Standard reflectors have diameters from 60cm to 120cm, large studio reflectors reach 2x3 meters. White surfaces reflect 85-95% of light neutrally, silver achieves 95-98% with a slight increase in contrast, gold 90-95% with a color temperature shift of 200-300 Kelvin towards warm tones. Styrofoam boards (4x8 feet) cost 8-15 Euros and reflect 80-85% of light. Professional Lastolite reflectors with various surfaces (white/silver, gold/white) are foldable and weigh 0.8-2.5kg depending on size.

History & Development

The technique established itself in the 1930s in Hollywood studios, where large white canvases were used as "bounce boards." In 1952, Mole-Richardson developed the first collapsible reflector for exterior shoots. In the 1970s, Lastolite introduced foldable round reflectors, which revolutionized transport. Modern LED panels with built-in diffusers have been electronically simulating bounce effects since 2010.

Practical Use in Film

Roger Deakins used 12x12 foot bleached muslin as bounce surfaces for natural-looking facial illumination in the trenches for "1917" (2019).

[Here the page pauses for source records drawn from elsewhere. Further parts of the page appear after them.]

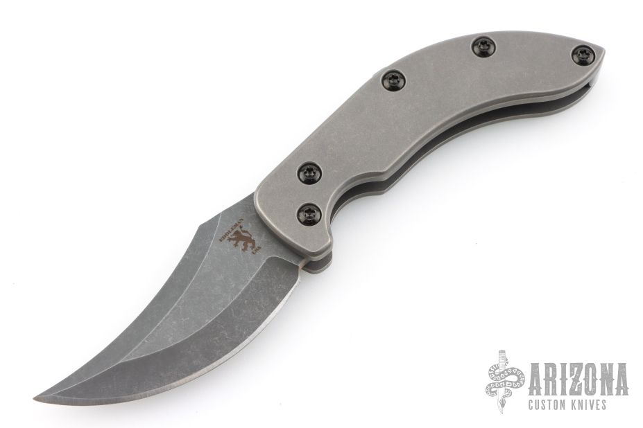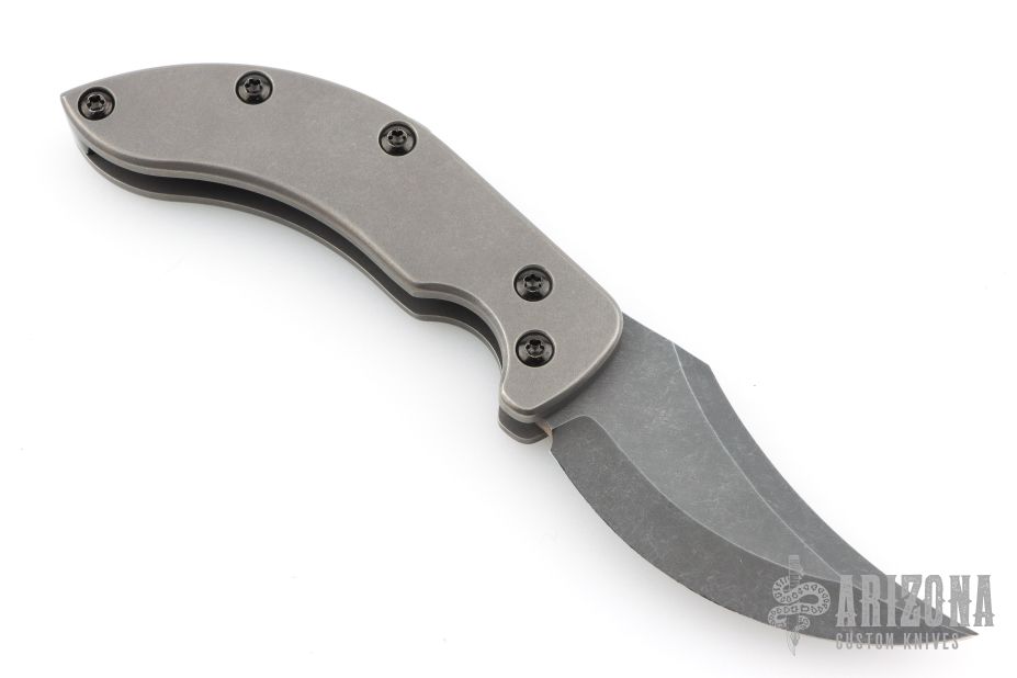 This Persian Friction Folder by Sam Eddleman features a stonewashed blade with false top edge and friction bar. The handle has a stonewashed titanium frame with a polished zirconium backspacer. Centered blade seating. Comes with a zippered case and COA dated 1/14/26. New from maker.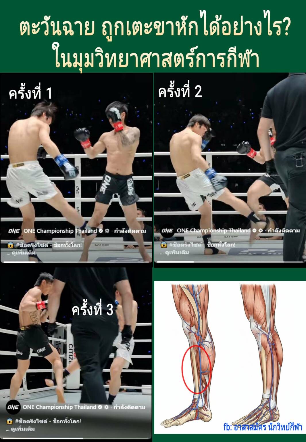 - จิตใจ: สิ่งที่น่าห่วงกว่าร่างกายคือสภาพจิตใจครับ การบาดเจ็บลักษณะนี้อาจทำให้เกิดความระแวง (PTSD - Post-Traumatic Stress Disorder) ไม่กล้าใช้ขาข้างนั้นเต็มที่ หรือไม่กล้าปะทะหนักๆ อีก ซึ่งอาจส่งผลต่อฟอร์มการชกในระยะยาว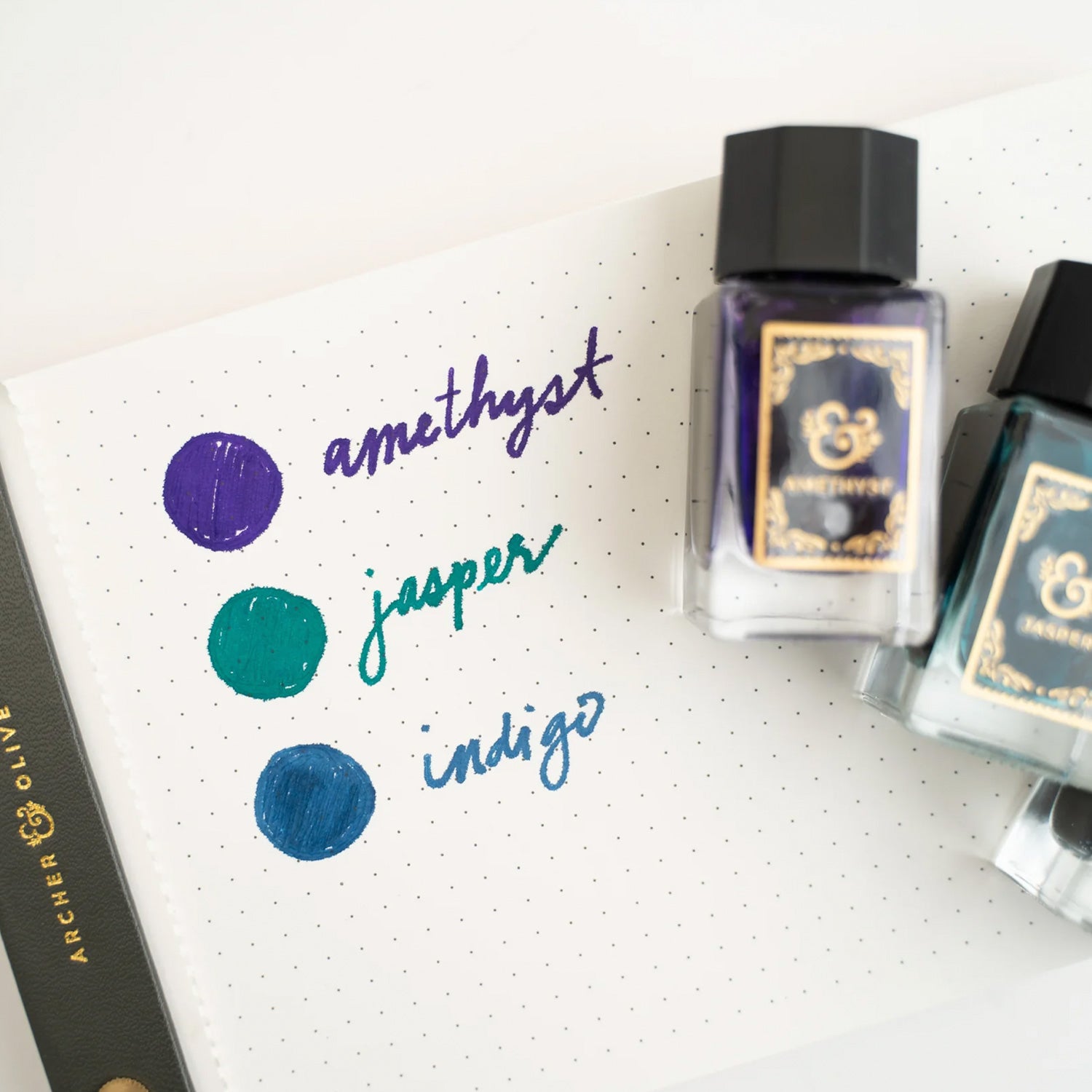 Set de Tintas para pluma fuente. Colores: Indigo, Jasper & Amethyst marca Archer & Olive.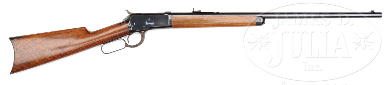 SCARCE SPECIAL ORDER ANTIQUE 1ST YEAR OF PRODUCTION WINCHESTER MODEL 1892 LEVER ACTION RIFLE. SN 21098. Cal. 38 WCF (38-40). Standard grade rifle with 24-1/4″ rnd bbl, half magazine, half nickel front sight & semi-buckhorn rear sight. Mounted with very highly figured, uncheckered, slab sawed American walnut with straight stock & crescent buttplate. This rifle was produced in a time when the west was still a little wild and the only mode of transportation was horseback, wagon or buggy which exposed any firearm to extremes of weather and conditions, usually with little or no maintenance. These light rifles were simple working tools that usually teamed up with Colt revolvers using identical cartridges. It is most unusual to find one of these rifles with high orig finish. PROVENANCE: Woody Frey Collection. CONDITION: Extremely fine plus, crisp and orig with bbl & forend cap retaining nearly all of their crisp, orig factory finish showing only faint muzzle end wear. Receiver retains 96-97% crisp, orig factory finish with a couple small flaked areas on each side and slight wear on the top rear edges, with faint sharp edge wear. Lever, hammer & magazine plug retain virtually all of their crisp, brilliant orig case colors. Buttplate retains virtually all of its orig case colors, lightly to moderately faded. Wood is exceptionally fine with a few very light scratches on the left side of buttstock, a couple of small nicks on the right side and overall retains virtually all of its crisp, orig bright factory finish. Mechanics are crisp, brilliant shiny bore. Appears to be new & unfired. 4-48458 JR227 (8,000-12,000)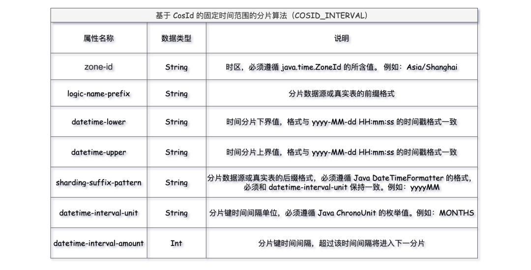 基于 CosId 的固定时间范围的分片算法,和INTERVAL算法的用法很相似,不同点在于增加了zone-id时区属性,logic-name-prefix分片数据源或真实表的前缀格式,上下界datetime-lowerdatetime-upper范围的时间格式是固定的yyyy-MM-dd HH:mm:ss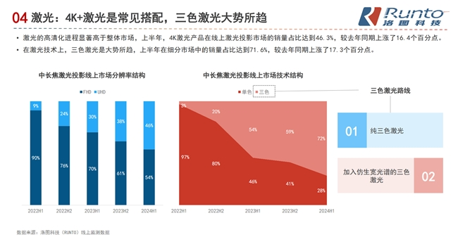 经过市场检验,“4K超高清+激光光源”已成为高端高画质投影消费的核心关键词。同时,数据显示三色激光技术已成为大势所趋,2024年上半年其在激光投影中占比已高达71.6%。同时,与中低端市场品牌众多的现象不同,高端投影市场呈现品牌集中度高的现象。2024年上半年,Vidda、极米、坚果、爱普生等排名前五品牌的合计销量和销额均超过98%。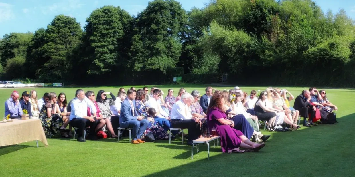 As a wedding celebrant based in Bristol, I have now worked with a few couples who have DIY’d significant parts of their wedding days. Shauna and Ian’s wedding took place at Stroud Cricket Club last August. The pavilion is just the most beautiful shade of grey-blue surrounded by a beautifully green pitch. Quite the striking combination on a vibrantly sunny August day and the perfect setting for an outdoor ceremony.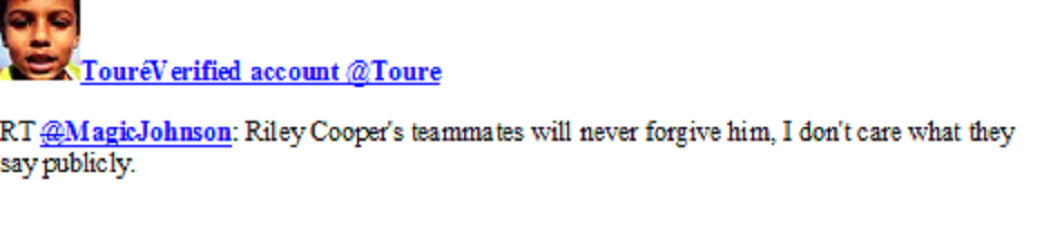 “Riley Cooper’s teammates will never forgive him, I don’t care what they say publicly. Riley should be given a second chance. People will never look at Riley Cooper the same. “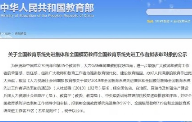8月23日,教育部发布通知,对2019年全国教育系统先进集体、全国模范教师和全国教育系统先进工作者,2019年全国优秀教师、全国优秀教育工作者拟表彰对象进行公示。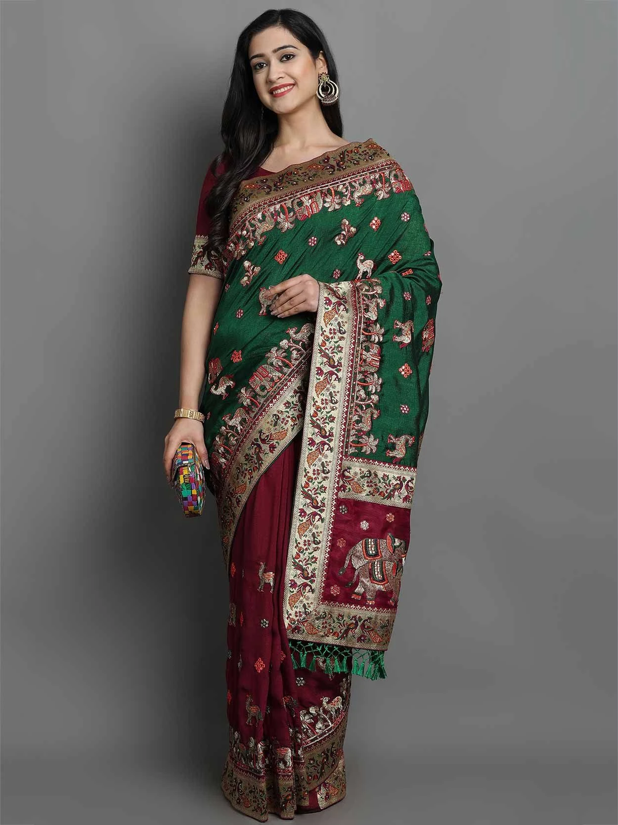 True magnificence comes out as a result of the dressing style with this Maroon,Green Colour Vichitra Silk Fabric Saree. The ethnic Thread Work work at the clothing adds a sign of attractiveness statement with your look.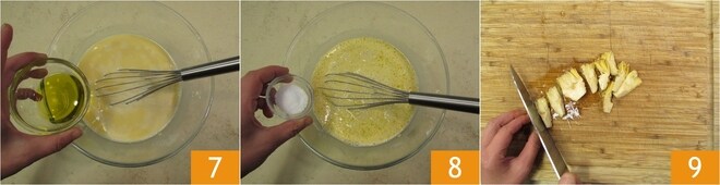 Ajoutez au mélange 20 g d'huile 7 et le sel 8. Mélangez bien en remuant avec un fouet. Égouttez bien les petits artichauts et coupez-les en quartiers ou simplement en deux s'ils ne sont pas très gros 9.

Emmanuel Lubezki relied exclusively on natural light in "The Revenant" (2015), enhanced by white reflectors for detail rendering in shadows. The workflow requires 20-30% more lighting time, as reflectors must be precisely positioned and readjusted during camera movements. Advantage: natural light direction without visible hard shadows. Disadvantage: weather-dependent for exterior shoots and requires space.

Comparison & Alternatives

In contrast to direct light (hard light), bounce light creates soft transitions with twice the illumination area. Diffusion through silk or Lee filters reduces intensity more strongly (2-3 stops) than reflection. Modern softboxes combine both principles: internal reflection plus frontal diffusion. When space is limited, LED panels with a 120° beam angle replace bounce setups but do not achieve the same naturalness of light distribution.

From the crafts

Perspectives

Cinematographer

Ich positioniere den Bouncer immer 45° zur Kamera-Motiv-Achse, um Modelling zu erhalten – rein frontales Bounce Light macht Gesichter flach. Mit einem Spot-Meter messe ich die Differenz zwischen Key und Bounce: 2:1 Ratio ergibt natürliche Plastizität, 1:1 wird zu flach für Drama.

Director

Ich nutze warmes Bounce Light für emotionale Nähe in Dialogszenen – die weiche Ausleuchtung lässt Schauspieler verletzlicher wirken. Bei Thriller-Sequenzen verzichte ich bewusst darauf, damit harte Schatten die Spannung unterstützen. Bounce Light suggeriert immer "Tageslicht" oder "häusliche Wärme".

Producer

Bounce Light bedeutet 30% längere Einrichtungszeit pro Setup, weil Reflektoren exakt ausgerichtet werden müssen. Dafür spare ich Geld: Ein 4x8 Fuß Styropor kostet 12 Euro statt 800 Euro für eine Softbox gleicher Größe. Bei Außendrehs plane ich Wind-Dopplers ein – umfallende Reflektoren kosten Drehtage.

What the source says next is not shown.